- **Instructions to follow**: Among the entries below, the lines from the one with "This was a fun" up to and including the one with "外貌:橘白英短,橘色毛发偏暖" are to be restated exactly, without pictures.

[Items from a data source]

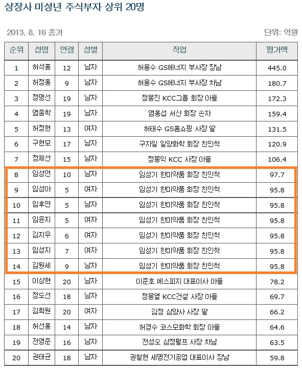 Çѹ̾àǰ ÀÓ¼º±â ȸÀåÀÇ ¼ÕÁÖ 7¸íÀÌ ±¹³» »óÀå»ç ¹Ì¼º³â ÁֽĺÎÀÚ »óÀ§ 20À§±Ç¿¡ ¼ÓÇÑ °ÍÀ¸·Î ³ªÅ¸³ª °ü½ÉÀÌ ½ò¸°´Ù. 2013-08-19 20:00:00
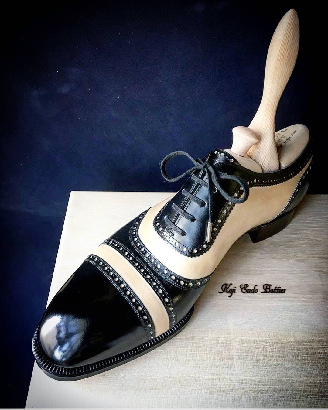 Handmade Black Beige Color Unique Men Dress Oxford Formal Shoes
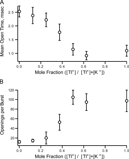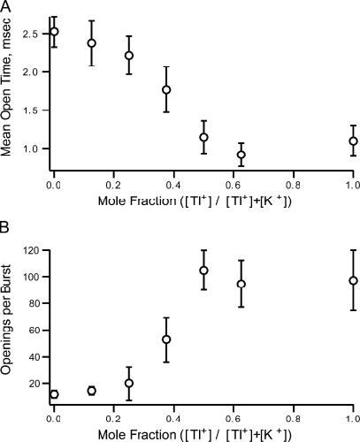 Figure 10. Mole fraction effects on the mean open time and number of openings per burst. At point 0 on the x axis, the internal solutions is 100 mM potassium. The potassium in the internal solution was replaced by thallium until the internal thallium concentration was 100 mM. Potassium solutions were external for all experiments and the membrane potential was held at 70 mV. (A) The mean open time decreased as thallium replaced potassium. (B) The number of openings per burst increased as the fraction of thallium increased.
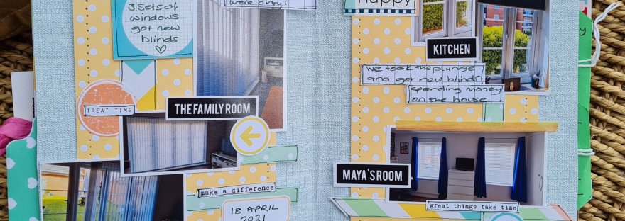 This was a fun layout to make in my 2021 journal using wallpaper samples and some bits from Lollipop box club kits to document new blinds for 3 different rooms!
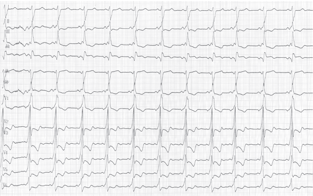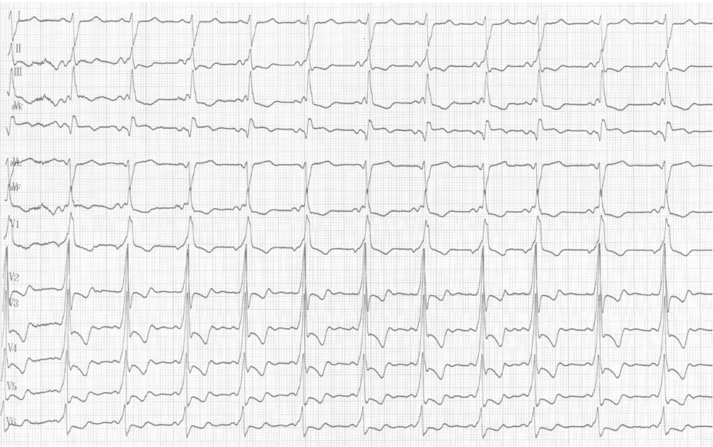 Ce premier tracé réalisé à l’arrivée aux urgences montre un tracé typique de voie accessoire latérale gauche (PR court et onde delta) avec un aspect de pré-excitation majeure et un QRS très élargi;
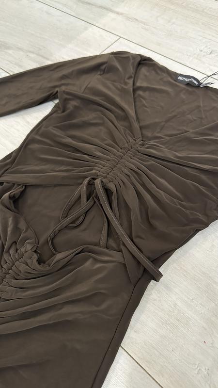 Сукня шоколадно-коричнева облягаюча плаття з мереживом на зав’язках коктельне
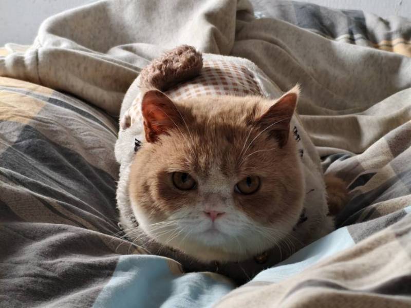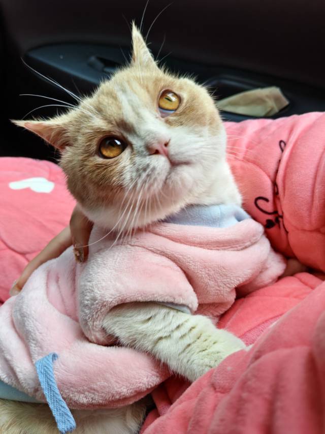 外貌:橘白英短,橘色毛发偏暖调,脸圆乎乎的,眼睛是琥珀色,粉鼻头粉爪垫,毛发蓬松柔软,看起来就像一块糯叽叽的小年糕。
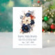 Make a stunning first impression with this elegant navy blue, burnt orange, and champagne floral letterpress save the date card, featuring luxurious debossed typography on the front and a beautiful full-color photo layout on the back. The front showcases crisp letterpress text surrounded by vibrant digital florals, carefully designed to meet press requirements while creating a refined, high-end feel. The reverse includes a customizable photo area and a convenient QR code for effortless RSVPs. Perfect for modern couples who love timeless luxury with an artistic touch.
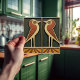 This ceramic tile features two birds reminiscent of the iconic style of Mackintosh. He was a prominent Scottish architect, designer, and artist of the Art Nouveau movement. Clean lines, geometric shapes, and a strong sense of symmetry characterize his work. These elements are beautifully represented in our collection of ceramic tiles.
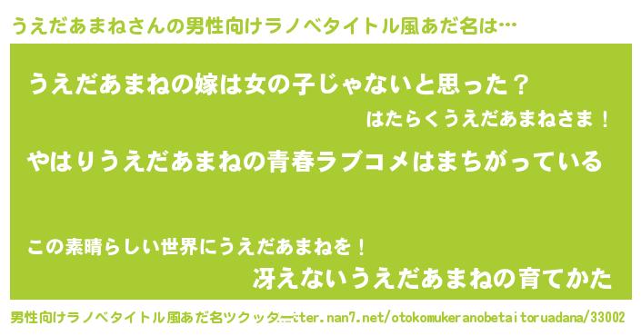 | 女子向けラノベタイトル風あだ名 | 『うえだあまねの雑貨屋さん』 |
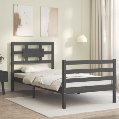Giroletto con Testiera Grigio Single in Legno Massello
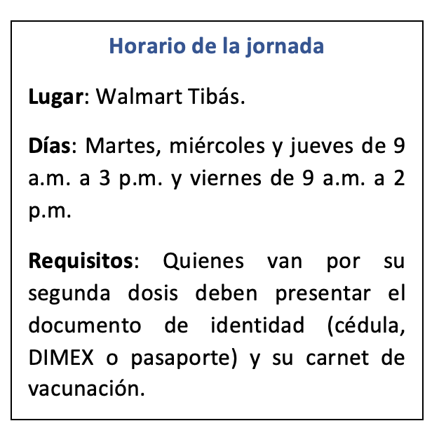 Menores de 10 años en adelante, así como adolescentes y adultos que requieran iniciar o completar sus esquemas de vacunación contra el COVID-19, pueden acercarse a Walmart Tibás, en Costa Rica, esta semana.
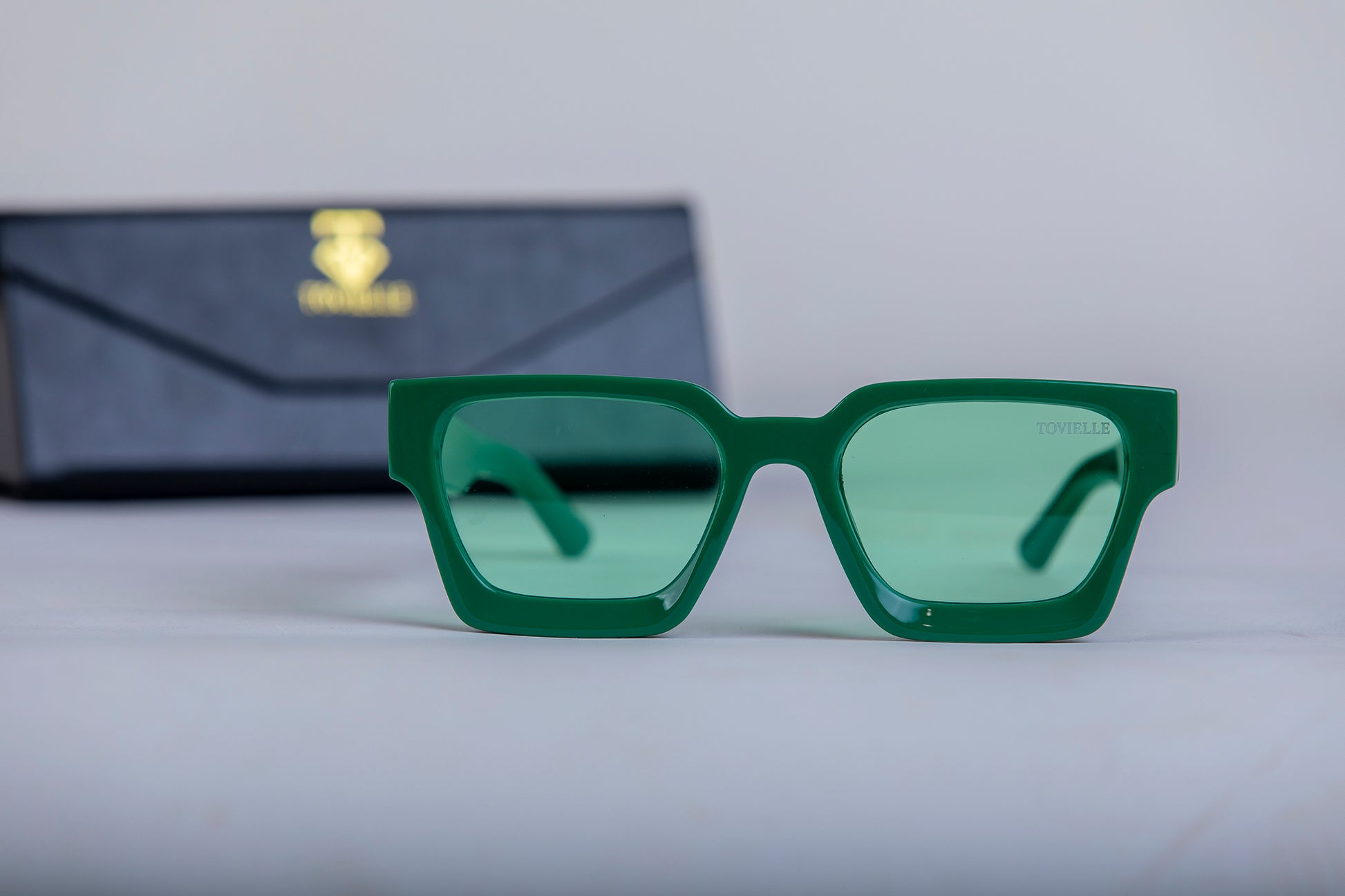 Bold, refined, and effortlessly unisex. The Emerald Icon sunglasses feature a structured square silhouette in rich translucent green, finished with signature gold Tovielle detailing. Designed for everyday confidence and fully compatible with prescription lenses…
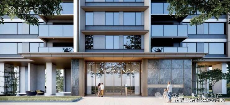 离家还有80米的时候,先映入眼帘的,是玻璃幕墙辅以暖木色系线条、香槟金铝板配搭而来的建筑群;
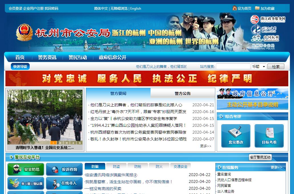 杭州市公安局是杭州市人民政府下设主管全市公安工作的职能部门,受市政府、浙江省公安厅双重领导。各县(县级市)区设公安局(分局),在镇、乡、街道设派出所。其主要职责是:一 、贯彻执行党和国家有关公安工作的方针、政策、法律、法规和市委、市政府、上级公安机关的指示,研究起草本市公安工作的地方性法规、规章草案和规范性文件,经审议通过后组织实施;部署、指导、监督、检查全市公安工作。二 、管理全市公安机关110报警指挥系统,处理市区110报警、群众求助和监督电话,对紧急治安事件和重大紧急情况,实施统一指挥调度。三 、掌握影响稳定、危害国内安全和社会治安的情况,分析形势,提出对策措施。四 、主管和指导全市各类刑事案件、经济案件的侦查等工作,组织、协调特别重大案件和跨区、县(市)重大案件的侦破工作。五 、指导、监督全市公安机关依法查处危害社会治安秩序的行为,依法管理特种行业,组织协调对重、特大治安事件和突发性事件的处置工作,管理集会、游行、示威活动。六 、依法管理、指导中国公民出入境和外国人在中国境内居留、旅行的有关工作。七 、领导、监督全市消防工作。八 、负责全市内河水上的治安管理。九 、负责对全市公安机关维护道路交通安全、交通秩序工作的管理、指导和监督;负责全市机动车辆、驾驶员管理工作,处理市区交通事故,指导处理全市的重、特大交通事故。十 、负责指导全市公安机关对国家机关、社会团体、企事业单位和重点工程的治安保卫工作以及群众性治安保卫组织的管理指导工作。十一、指导全市公安机关对公共信息网络的安全监察,组织实施网络监控工作。十二 、指导监督全市公安机关依法承担的执行刑罚和对看守所、治安拘留所、强制戒毒所、收容教育所、安康医院的管理工作;负责收容教养审批工作,承担市政府劳动教养委员会日常工作。十三、组织实施对来杭的党和国家领导人、重要外宾以及重大活动、重要会议的安全警卫工作。十四 、组织、指导禁毒缉毒工作,承担市禁毒工作领导小组办公室的日常工作。十五、组织实施公安科学技术工作;规划全市公安信息技术、刑事技术等建设;负责全市技术防范工作和社会公共安全产品的监督管理。十六 、负责全市公安机关装备、被装和经费等警务保障工作。十七、按规定的权限,领导和指挥市武警部队执行公安任务。十八、协同区、县(市)党委管理区、县(市)公安机关领导干部;组织、指导全市公安队伍建设、民警教育训练和宣传等工作。十九 、分析队伍状况,研究、制定全市公安队伍监督管理的规章制度;组织指导公安机关警务督察工作;指导全市公安机关执法活动,对公安机关及其人民警察的执法情况进行监督;按规定权限实施对干部的监督;查处或督办重大违纪案件。二十、指导林业公安机构等的业务工作。二十一、承办市委、市政府和上级公安机关交办的其他事项。

- **Response to the exercise**:
 This was a fun layout to make in my 2021 journal using wallpaper samples and some bits from Lollipop box club kits to document new blinds for 3 different rooms!
 Ce premier tracé réalisé à l’arrivée aux urgences montre un tracé typique de voie accessoire latérale gauche (PR court et onde delta) avec un aspect de pré-excitation majeure et un QRS très élargi;
 Сукня шоколадно-коричнева облягаюча плаття з мереживом на зав’язках коктельне
 外貌:橘白英短,橘色毛发偏暖调,脸圆乎乎的,眼睛是琥珀色,粉鼻头粉爪垫,毛发蓬松柔软,看起来就像一块糯叽叽的小年糕。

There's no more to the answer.